▶ BRIEF
Once you find the line with "中國和俄羅斯企業(yè)界今" in the data below, transcribe exactly each line from there to the line with "நிவர் புயல் ரு", inclusive, and nothing else. Drop the pictures.

▶ PROVIDED DATA
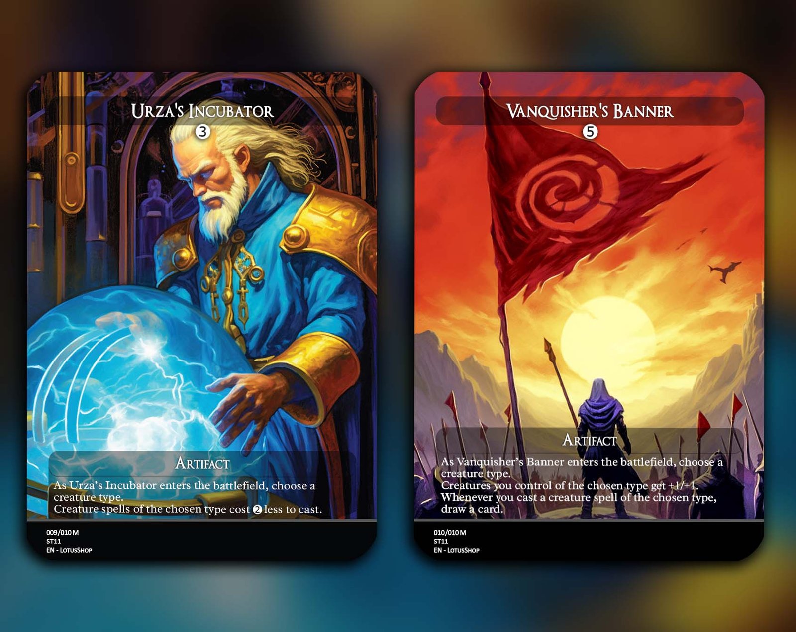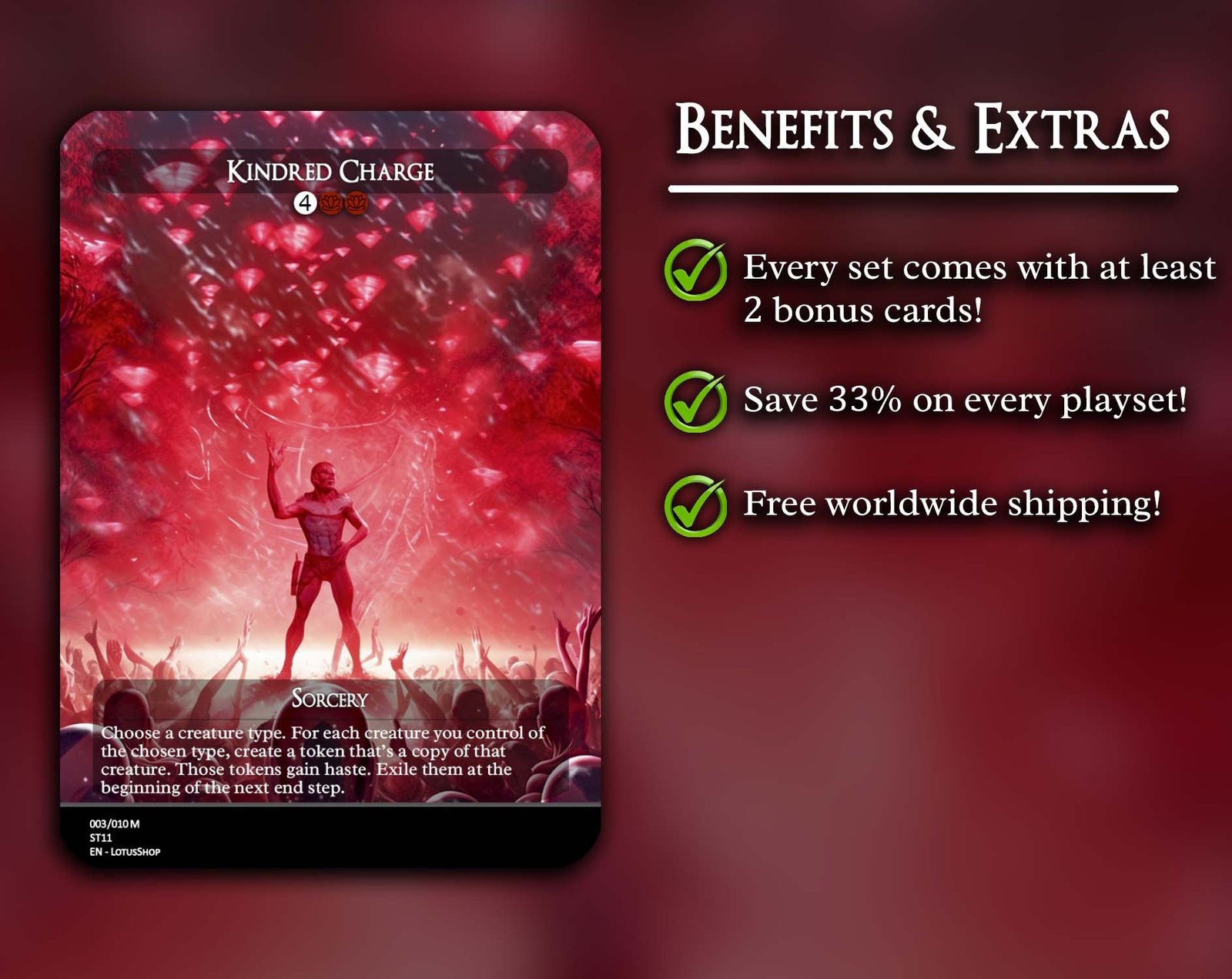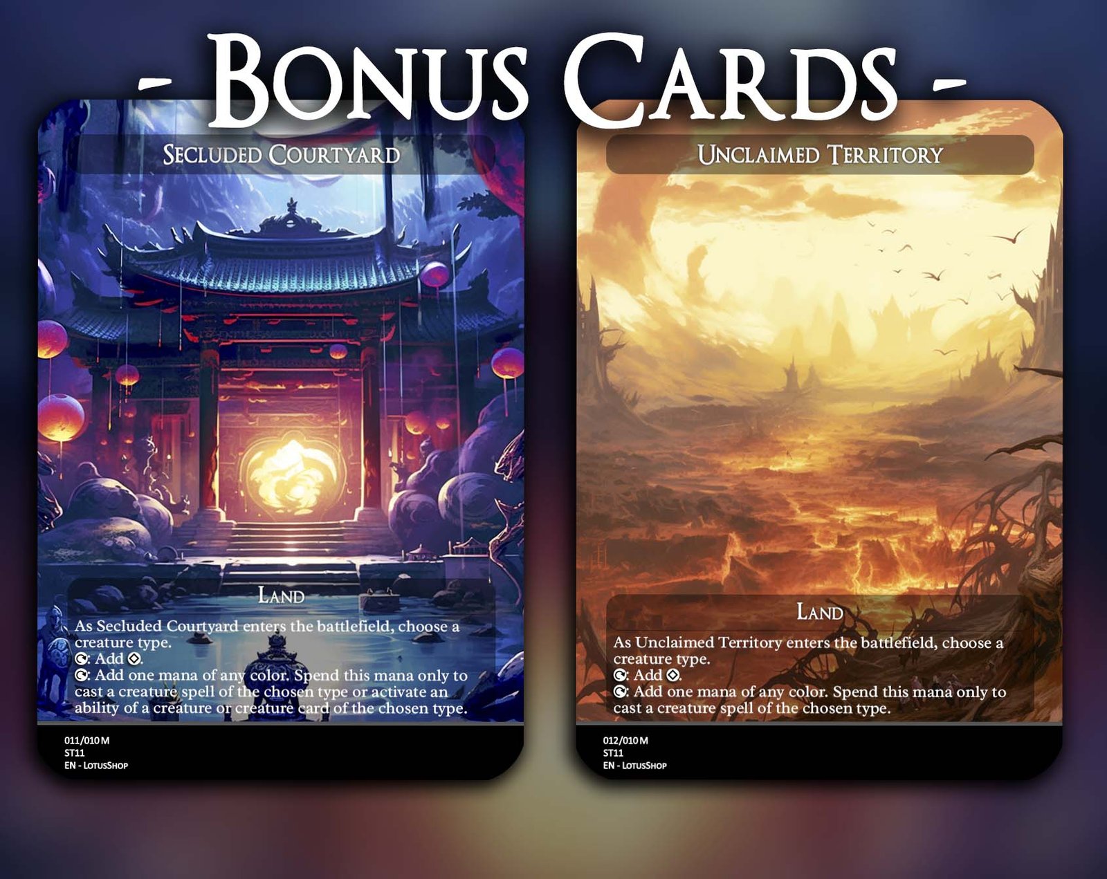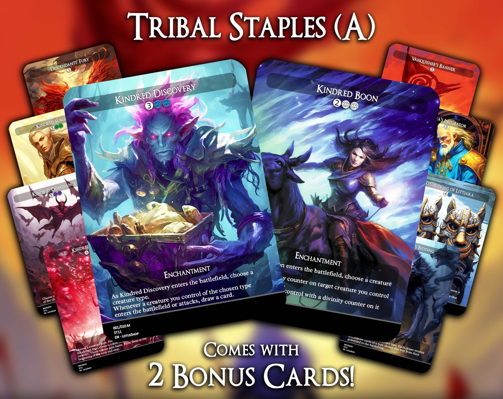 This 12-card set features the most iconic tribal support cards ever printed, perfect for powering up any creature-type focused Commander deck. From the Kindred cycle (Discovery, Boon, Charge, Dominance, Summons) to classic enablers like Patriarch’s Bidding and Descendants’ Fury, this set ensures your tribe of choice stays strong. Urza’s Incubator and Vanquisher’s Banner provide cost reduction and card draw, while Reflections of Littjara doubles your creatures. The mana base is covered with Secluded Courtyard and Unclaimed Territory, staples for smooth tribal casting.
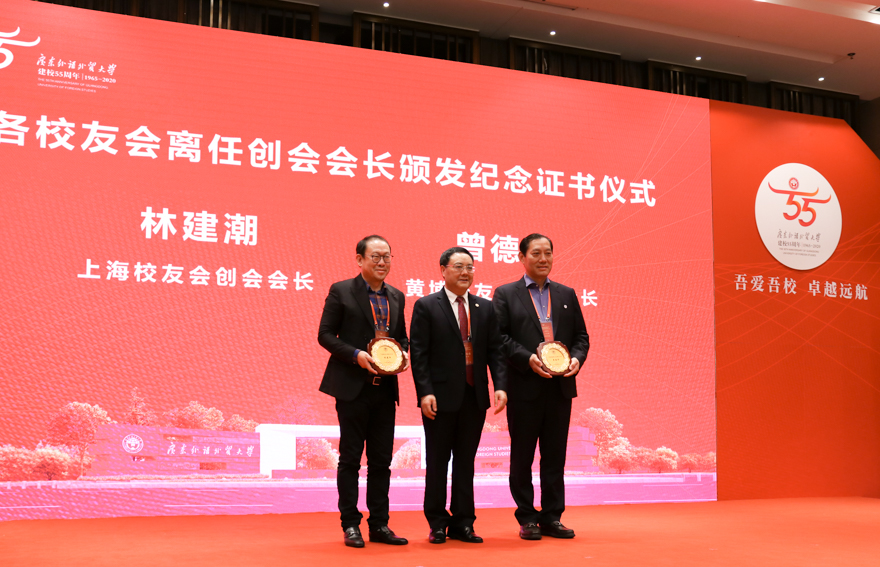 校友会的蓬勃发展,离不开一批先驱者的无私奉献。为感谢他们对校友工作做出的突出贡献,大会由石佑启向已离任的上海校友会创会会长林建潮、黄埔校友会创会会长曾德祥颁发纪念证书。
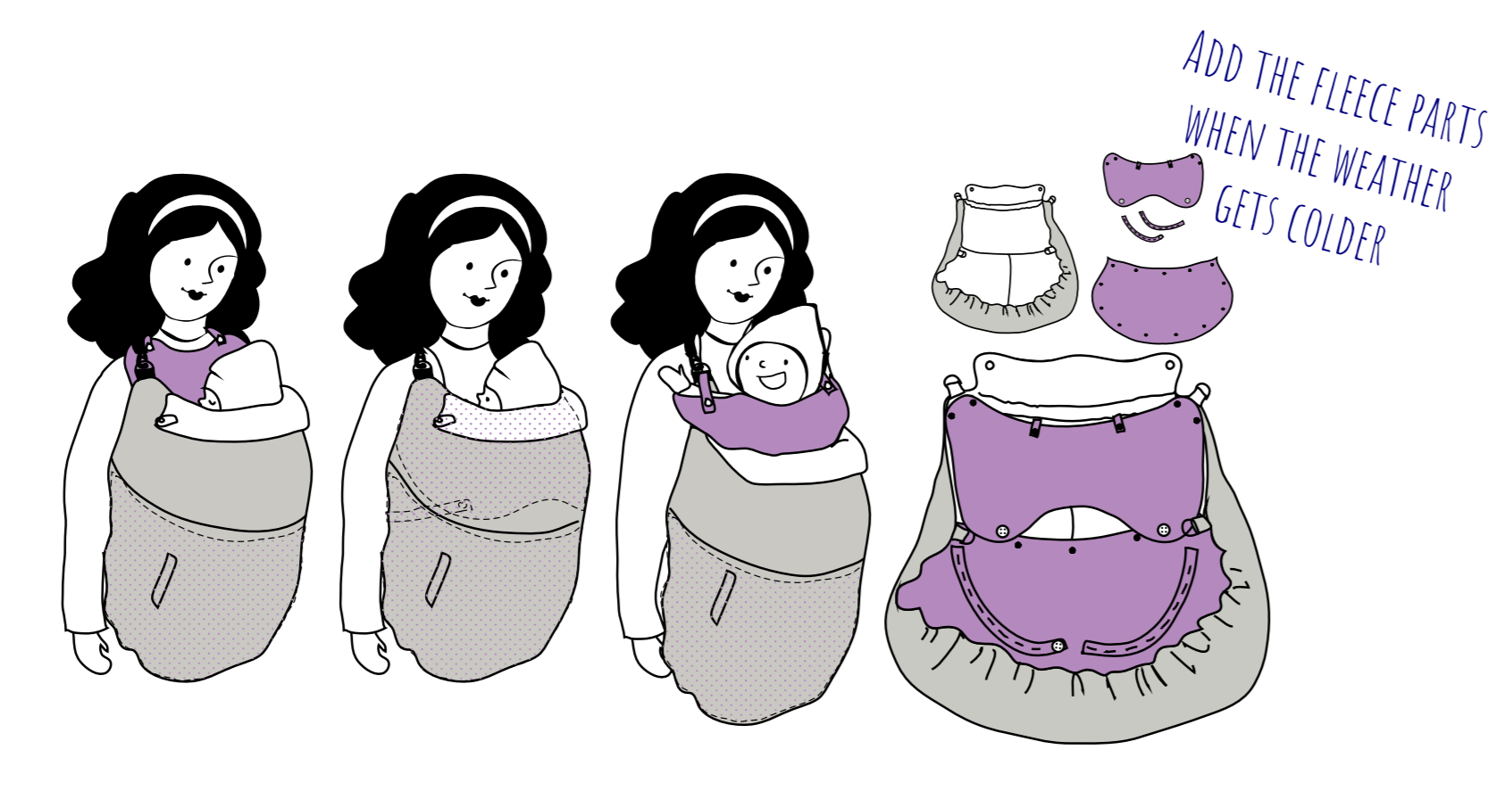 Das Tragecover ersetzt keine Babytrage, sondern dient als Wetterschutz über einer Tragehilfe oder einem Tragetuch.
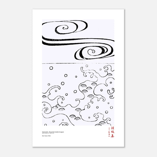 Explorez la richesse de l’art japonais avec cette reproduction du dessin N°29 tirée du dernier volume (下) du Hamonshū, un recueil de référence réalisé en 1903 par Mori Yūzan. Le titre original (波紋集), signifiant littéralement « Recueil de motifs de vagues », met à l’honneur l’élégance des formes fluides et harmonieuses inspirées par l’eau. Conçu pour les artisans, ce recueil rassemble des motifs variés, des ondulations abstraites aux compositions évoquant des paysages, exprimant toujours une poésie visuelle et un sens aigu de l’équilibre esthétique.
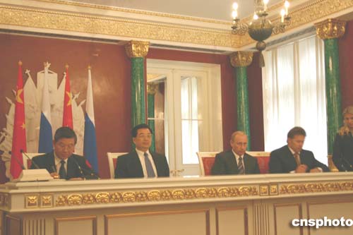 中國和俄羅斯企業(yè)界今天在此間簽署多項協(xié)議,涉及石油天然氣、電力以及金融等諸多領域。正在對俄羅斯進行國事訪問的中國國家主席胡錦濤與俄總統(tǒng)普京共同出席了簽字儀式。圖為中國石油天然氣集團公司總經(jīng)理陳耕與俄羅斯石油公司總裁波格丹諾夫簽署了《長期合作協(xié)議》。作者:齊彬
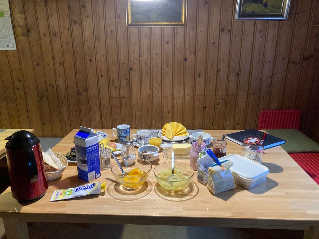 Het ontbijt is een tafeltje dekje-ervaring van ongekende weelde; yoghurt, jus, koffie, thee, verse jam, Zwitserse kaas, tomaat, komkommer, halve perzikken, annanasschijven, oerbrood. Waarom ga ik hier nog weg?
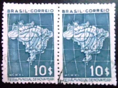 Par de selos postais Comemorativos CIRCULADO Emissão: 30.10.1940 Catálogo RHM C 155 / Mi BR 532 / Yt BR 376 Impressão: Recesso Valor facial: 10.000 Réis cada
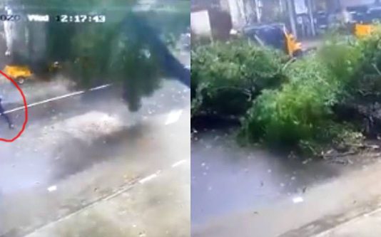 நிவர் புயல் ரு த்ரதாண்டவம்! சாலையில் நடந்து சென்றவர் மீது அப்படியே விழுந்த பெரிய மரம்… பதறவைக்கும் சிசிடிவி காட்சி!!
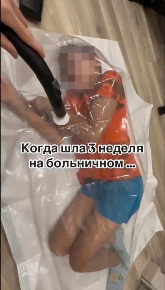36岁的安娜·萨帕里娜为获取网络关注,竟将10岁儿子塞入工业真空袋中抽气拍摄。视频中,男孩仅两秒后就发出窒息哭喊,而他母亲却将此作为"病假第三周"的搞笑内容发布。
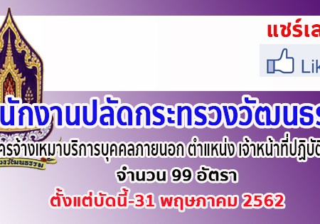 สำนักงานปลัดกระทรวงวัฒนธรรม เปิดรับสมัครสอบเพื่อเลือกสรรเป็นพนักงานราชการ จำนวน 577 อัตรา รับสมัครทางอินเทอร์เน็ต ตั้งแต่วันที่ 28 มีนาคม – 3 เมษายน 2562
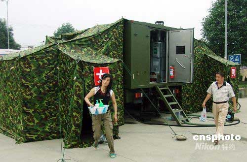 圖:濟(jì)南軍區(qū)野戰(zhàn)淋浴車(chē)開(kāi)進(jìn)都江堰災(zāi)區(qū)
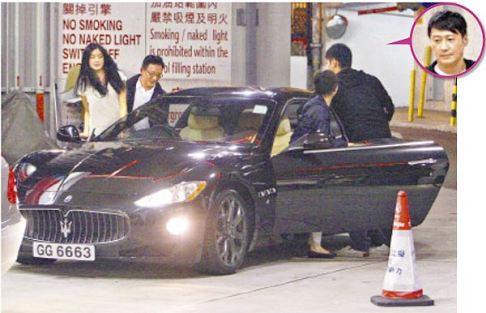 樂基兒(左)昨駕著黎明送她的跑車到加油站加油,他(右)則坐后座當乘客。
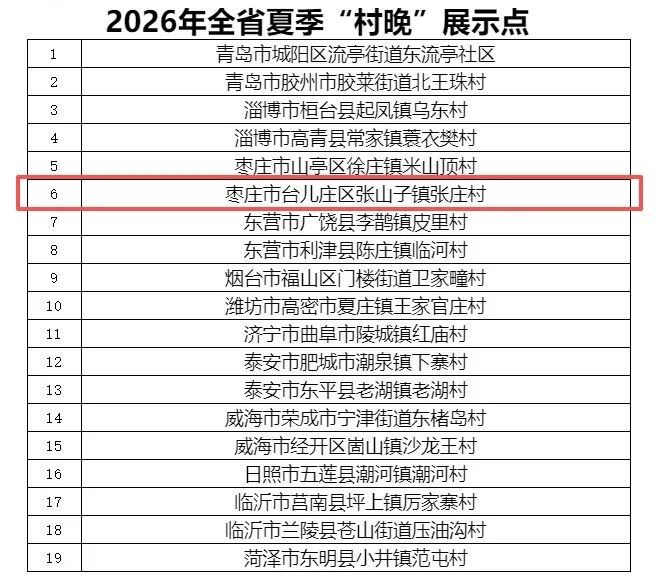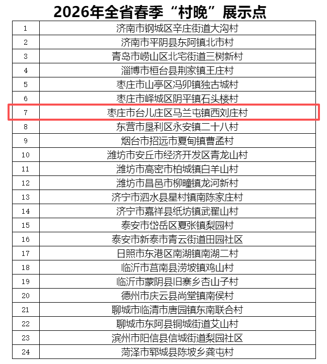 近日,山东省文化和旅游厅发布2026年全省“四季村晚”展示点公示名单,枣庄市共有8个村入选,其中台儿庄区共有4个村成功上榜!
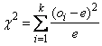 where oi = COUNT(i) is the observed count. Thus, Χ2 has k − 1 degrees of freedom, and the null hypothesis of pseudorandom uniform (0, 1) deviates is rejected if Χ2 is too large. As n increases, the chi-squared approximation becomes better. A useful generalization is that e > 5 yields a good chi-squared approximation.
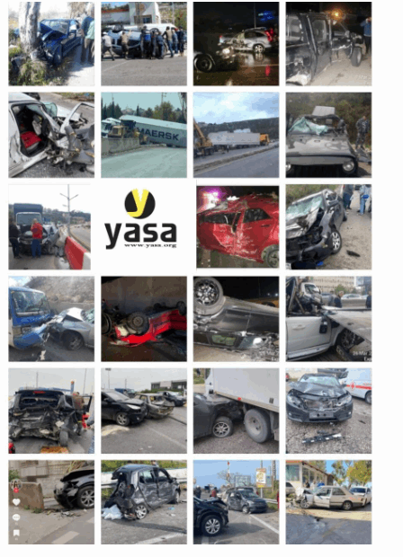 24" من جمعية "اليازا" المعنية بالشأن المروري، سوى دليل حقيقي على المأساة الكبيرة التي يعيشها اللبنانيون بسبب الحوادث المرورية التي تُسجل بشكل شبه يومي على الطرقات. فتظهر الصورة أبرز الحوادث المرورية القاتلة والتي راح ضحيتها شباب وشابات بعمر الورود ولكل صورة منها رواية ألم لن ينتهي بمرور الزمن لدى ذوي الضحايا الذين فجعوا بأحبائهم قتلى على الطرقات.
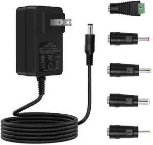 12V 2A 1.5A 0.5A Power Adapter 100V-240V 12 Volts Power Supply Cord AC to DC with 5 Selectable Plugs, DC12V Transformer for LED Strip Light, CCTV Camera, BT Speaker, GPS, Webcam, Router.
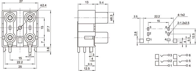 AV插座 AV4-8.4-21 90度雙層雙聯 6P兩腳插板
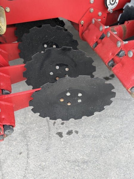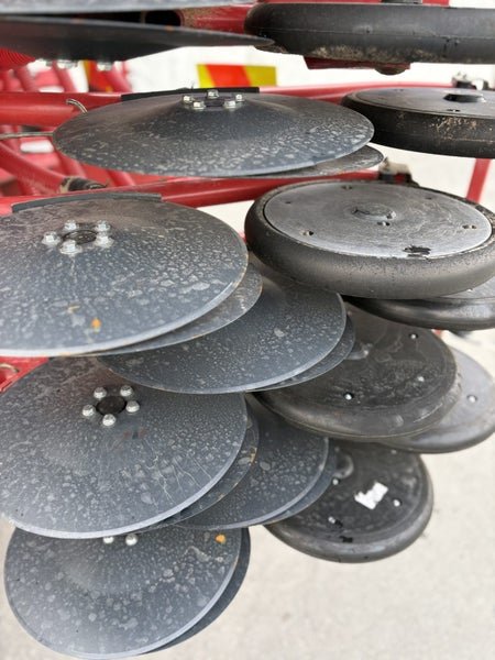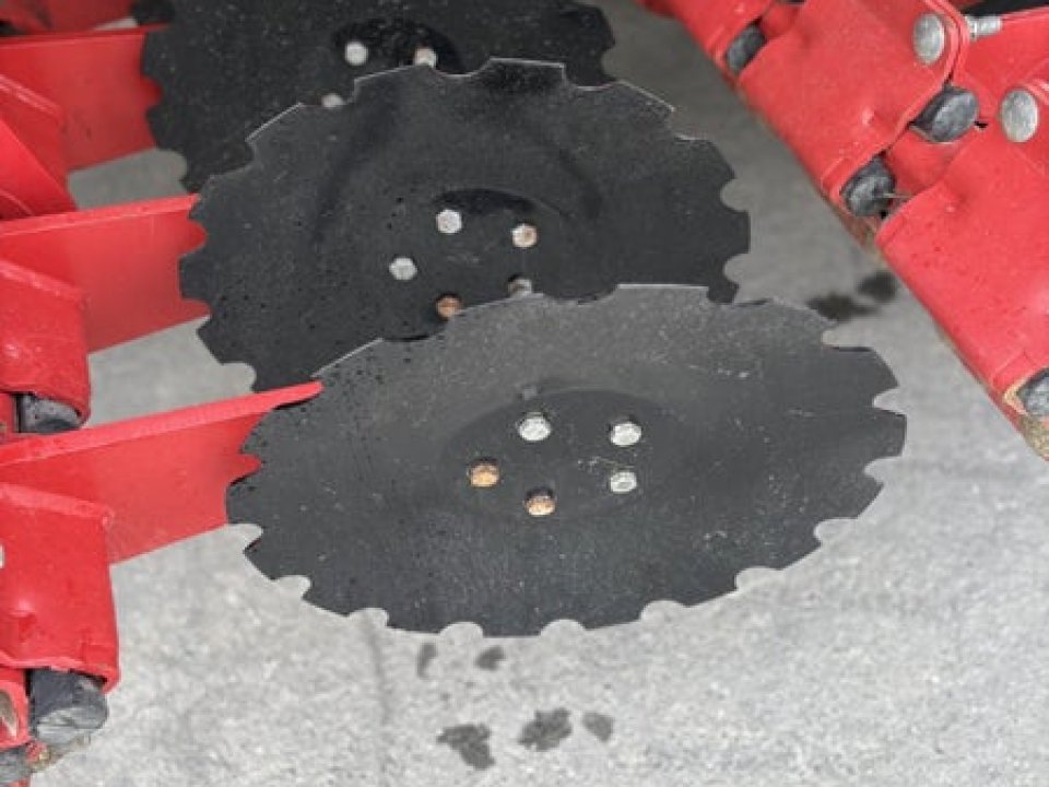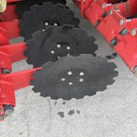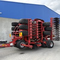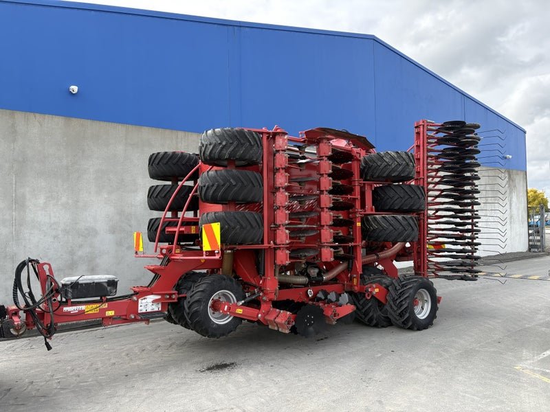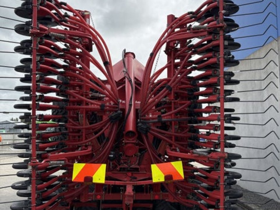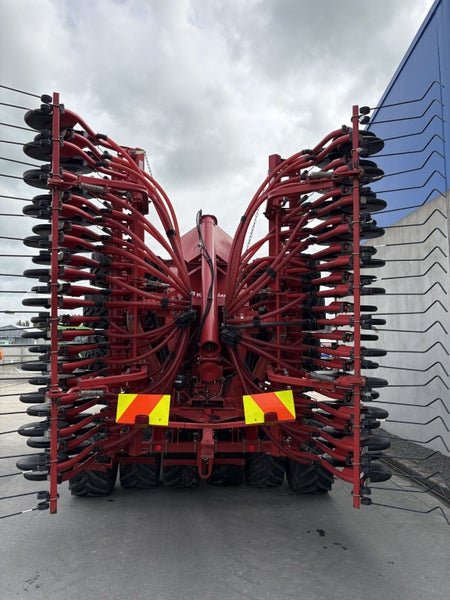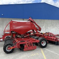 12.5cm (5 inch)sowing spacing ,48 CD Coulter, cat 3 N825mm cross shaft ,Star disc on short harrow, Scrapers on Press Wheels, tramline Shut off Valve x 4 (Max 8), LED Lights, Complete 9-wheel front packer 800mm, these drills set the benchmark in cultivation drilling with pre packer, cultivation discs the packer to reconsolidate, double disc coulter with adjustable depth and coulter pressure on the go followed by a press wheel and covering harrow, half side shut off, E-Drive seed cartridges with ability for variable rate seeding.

▶ EXERCISE RESPONSE
 中國和俄羅斯企業(yè)界今天在此間簽署多項協(xié)議,涉及石油天然氣、電力以及金融等諸多領域。正在對俄羅斯進行國事訪問的中國國家主席胡錦濤與俄總統(tǒng)普京共同出席了簽字儀式。圖為中國石油天然氣集團公司總經(jīng)理陳耕與俄羅斯石油公司總裁波格丹諾夫簽署了《長期合作協(xié)議》。作者:齊彬
 Het ontbijt is een tafeltje dekje-ervaring van ongekende weelde; yoghurt, jus, koffie, thee, verse jam, Zwitserse kaas, tomaat, komkommer, halve perzikken, annanasschijven, oerbrood. Waarom ga ik hier nog weg?
 Par de selos postais Comemorativos CIRCULADO Emissão: 30.10.1940 Catálogo RHM C 155 / Mi BR 532 / Yt BR 376 Impressão: Recesso Valor facial: 10.000 Réis cada
 நிவர் புயல் ரு த்ரதாண்டவம்! சாலையில் நடந்து சென்றவர் மீது அப்படியே விழுந்த பெரிய மரம்… பதறவைக்கும் சிசிடிவி காட்சி!!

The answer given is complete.